All this explains, and itself contributes to, the gradual awakening of working class consciousness in China. At the same time, in the course of the struggle, the workers spontaneously united to form embryonic trade unions and rapidly gained experience. Workers would come to realise in the labour movement that only if the working class organised itself could it defend its interests.

Prepare for intensified class struggle!

Standing at the end of the year and looking back, 2023 can be considered a high water mark, and a turning point for the Chinese labour movement. But the question is where the Chinese working class will go next.

As the experience of workers’ struggles accumulates, and as the endurance of the masses gradually approaches its limit, more and more workers will come to realise the need to move beyond independent, small-scale movements, detached from politics, focussing on purely economic questions. The need will be posed for a centralised, larger-scale workers' movement, which will connect these local struggles to the overall political interests of the working class. And this will go hand in hand with the coming huge crisis of China's capitalist market economy.
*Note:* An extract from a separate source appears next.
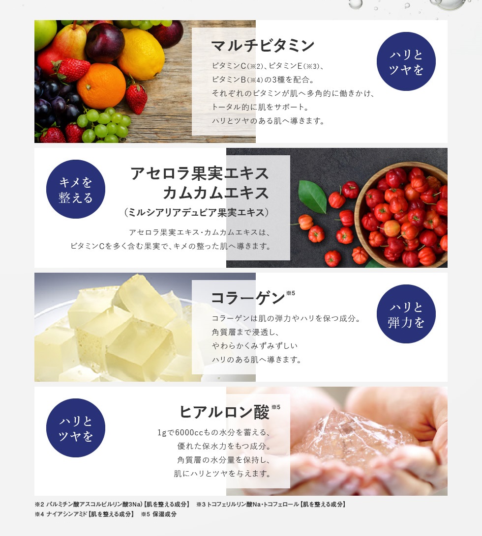 さらにマルチビタミンやコラーゲン、ヒアルロン酸などの保湿成分も配合。
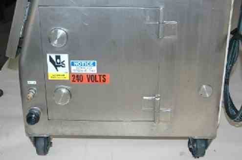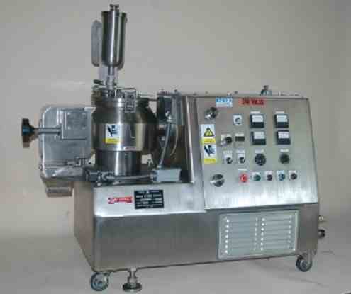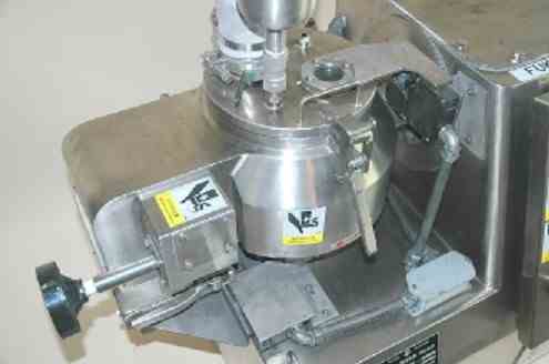 Used FUKAE POWTEC FS-GS-10J FSGS10 Jacketed High Speed Shear Mixer Granulator 10 Liter Condition: Used S/N: S-21 Model: FS-GS-10J Mixing Vessel equipped with Water Jacket Cap: 10 L. Mfg Date: 02/1997. Total Capacity: 11 liters. Charge Volume: 5 liters. Top Cover complete with: - Bag Filter - Liquid Tank (one liter cap) - Sight Glass (for viewing processes) Spare Nozzle Boss Agitator Motor - 1.5 kw, 220 Volts, 60 Hz, 3 Ph, Variable Speed Chopper Motor - 0.75 kw, 220 Volts, 60 Hz, 3 Ph, Variable Speed Agitator Speed: 200-900 RPM Chopper Speed: 600-3500 RPM Bowl and Housing: - 304 Stainless - #320 inner finish Jacket: - 304 Stainless - 1.9 kgf/cm2 working press Control Panel: - Pilot Lamp - Main Switch - Timer Switch - Agitator Speed Indicator - Ammeter for analog tachometer for agitator and chopper - Start/Stop button/agitator - Speed Control Knob - Digital Timer - Chopper Speed Indicator - Ammeter for agitator and chopper - Temperature indicator digital - Emergency Stop button - Seal air on/off switch Pneumatic Connections to supply compressed air for sealing shafts. Operation Manual and Drawings included. Outline of Operation: This High Speed Mixer is equipped with a low speed rotating Agitator blades at the bottom of a shell type vessel mounted on a stand and a high speed rotating Chopper blades on the side wall. The Agitator and Chopper blades have the action of mixing and granulating raw material powder that has been poured in the vessel.

We believe that a qualitative shift, marked by political radicalisation of class consciousness, is likely to come in the near future. One only has to observe the current sharpness of the social contradictions in China to realise this. Not only is the proletariat unable to get by on account of unemployment, wage cuts and inflation, but the bourgeoisie and the state bureaucrats themselves can no longer stand the economic crises and social contradictions inherent in capitalism!

The series of internal struggles and purges of top Communist Party bureaucrats and the panic of the bourgeoisie in the face of the economic crisis are symptoms of all this. As Lenin explained, the preconditions of a revolution include it both being “impossible for the ruling classes to maintain their rule without any change” and “the suffering and want of the oppressed classes have grown more acute than usual”. In China, both conditions are ripening irreversibly.

In the face of the economic crisis and social contradictions, the ruling class in China has demonstrated their absolute impotence and their reactionary character. Only a socialist revolution of the toiling masses, only the socialisation of the means of production under workers’ control can really solve the problem! The contradictions in society are becoming more and more intense and have reached such a sharp point that the class struggle in China is bound to enter a new and more volatile chapter!